Abstract
Objective. Adaptive trial design was developed initially for oncology to improve trial efficiency. If optimized for rheumatology, it may improve trial efficiency by reducing sample size and time.
Methods. A systematic review assessed design of phase II clinical trials in rheumatoid arthritis.
Results. Fifty-six trials were reviewed. Most trials had 4 groups (1 control and 3 intervention), with an average group size of 34 patients. American College of Rheumatology 20 measured at 16 weeks was the most commonly used primary endpoint.

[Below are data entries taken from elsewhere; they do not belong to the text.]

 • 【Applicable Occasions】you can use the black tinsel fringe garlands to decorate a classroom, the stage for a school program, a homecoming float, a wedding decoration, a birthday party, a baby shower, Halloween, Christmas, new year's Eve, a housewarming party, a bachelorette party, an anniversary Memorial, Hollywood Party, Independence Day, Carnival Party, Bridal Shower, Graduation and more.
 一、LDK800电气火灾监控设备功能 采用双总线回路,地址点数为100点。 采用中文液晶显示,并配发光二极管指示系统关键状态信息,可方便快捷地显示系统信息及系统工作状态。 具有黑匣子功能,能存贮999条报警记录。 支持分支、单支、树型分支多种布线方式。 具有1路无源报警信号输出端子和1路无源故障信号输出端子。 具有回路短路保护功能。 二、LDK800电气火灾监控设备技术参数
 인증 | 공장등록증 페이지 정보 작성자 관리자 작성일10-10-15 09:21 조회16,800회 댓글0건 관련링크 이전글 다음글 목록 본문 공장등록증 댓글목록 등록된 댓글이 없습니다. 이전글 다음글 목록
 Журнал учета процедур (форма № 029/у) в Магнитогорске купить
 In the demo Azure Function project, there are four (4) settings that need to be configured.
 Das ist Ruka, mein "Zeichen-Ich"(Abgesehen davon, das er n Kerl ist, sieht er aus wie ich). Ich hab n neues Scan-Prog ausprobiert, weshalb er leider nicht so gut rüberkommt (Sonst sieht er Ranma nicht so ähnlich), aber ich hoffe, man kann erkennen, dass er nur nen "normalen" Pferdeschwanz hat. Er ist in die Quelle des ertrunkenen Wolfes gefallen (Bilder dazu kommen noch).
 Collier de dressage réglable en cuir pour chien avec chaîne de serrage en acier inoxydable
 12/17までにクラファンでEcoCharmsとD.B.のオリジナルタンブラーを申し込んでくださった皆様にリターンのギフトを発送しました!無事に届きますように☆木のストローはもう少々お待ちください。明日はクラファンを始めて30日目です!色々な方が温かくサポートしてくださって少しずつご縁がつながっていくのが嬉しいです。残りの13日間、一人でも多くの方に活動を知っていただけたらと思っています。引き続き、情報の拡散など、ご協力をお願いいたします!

Conclusion. The next step is to undertake a systematic review of adaptive designs used in early-phase trials in nonrheumatic conditions.
- ADAPTIVE TRIAL DESIGN
- OMERACT CORE OUTCOME SET
- EARLY-PHASE CLINICAL TRIAL
- RHEUMATOID ARTHRITIS
- SYSTEMATIC REVIEW
Randomized controlled/clinical trials are the gold standard in evidence-based medicine. However, an editorial in The Journal of Rheumatology, “Arthritis Clinical Trials at a Crossroad” in 2015 by Pope, et al highlighted the “critical state of rheumatology clinical trials”1. Clinical trialists struggled to recruit patients because of inefficient trial design, funding, and regulatory requirements. Recruiting patients from countries with less access to expensive treatment has become more common but increases the risk of higher placebo response. This is a common issue and not unique to rheumatology. Clinical trials are resource-intensive in time, personnel, finances, and available patient pool. Some of these obstacles could be mitigated by using adaptive trial designs, which have been developed to improve clinical trial efficiency. Adaptive clinical trial designs have been increasingly used in oncological and cardiovascular (CV) diseases. Both the US Food and Drug Administration (FDA) and the European Medicines Agency (EMEA) accept adaptive clinical trial designs, issuing guidance on aspects that require special consideration2,3.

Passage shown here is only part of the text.